The copy should hold exactly the lines below from the one that contains "Town Square Newtown" through the one that contains "I sincerely hope" and nothing else, so no pictures.

Given entries:
◇ ◇ ◇ ◇
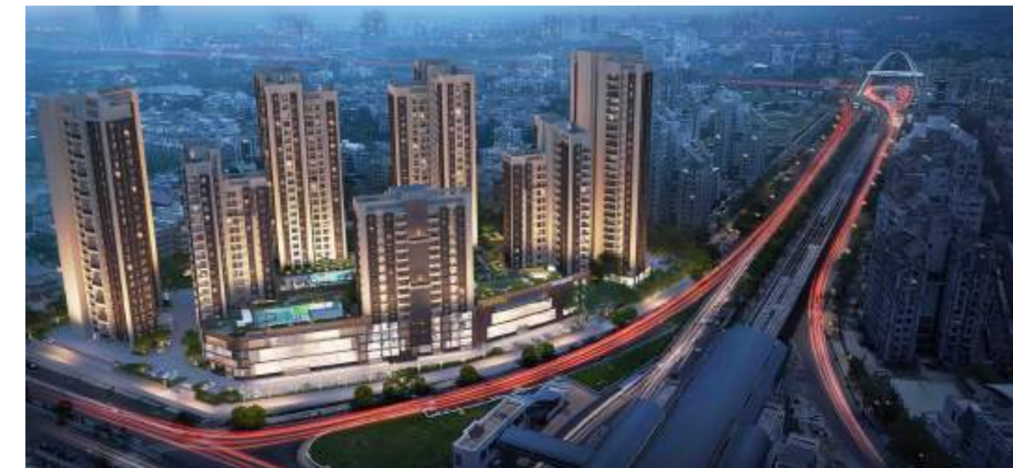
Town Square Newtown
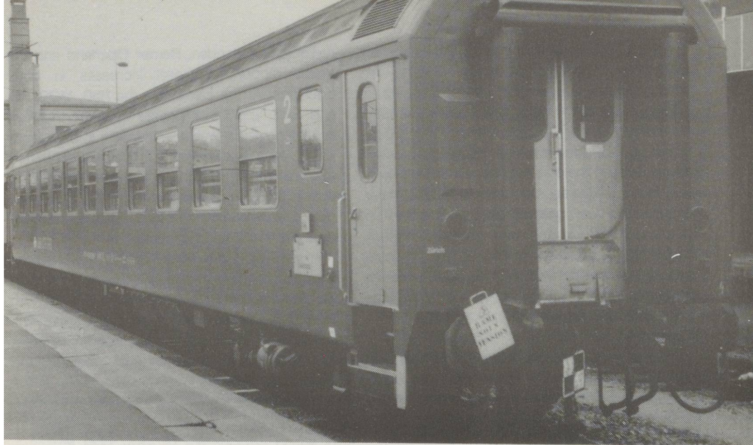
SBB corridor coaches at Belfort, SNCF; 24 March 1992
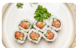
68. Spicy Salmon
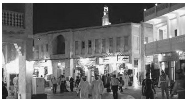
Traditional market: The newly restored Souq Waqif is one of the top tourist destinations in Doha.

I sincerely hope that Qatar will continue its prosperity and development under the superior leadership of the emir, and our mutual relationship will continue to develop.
◇ ◇ ◇ ◇
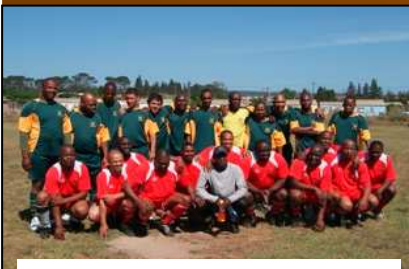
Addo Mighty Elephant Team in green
◇ ◇ ◇ ◇
Final answer:
Town Square Newtown
SBB corridor coaches at Belfort, SNCF; 24 March 1992
68. Spicy Salmon
Traditional market: The newly restored Souq Waqif is one of the top tourist destinations in Doha.

I sincerely hope that Qatar will continue its prosperity and development under the superior leadership of the emir, and our mutual relationship will continue to develop.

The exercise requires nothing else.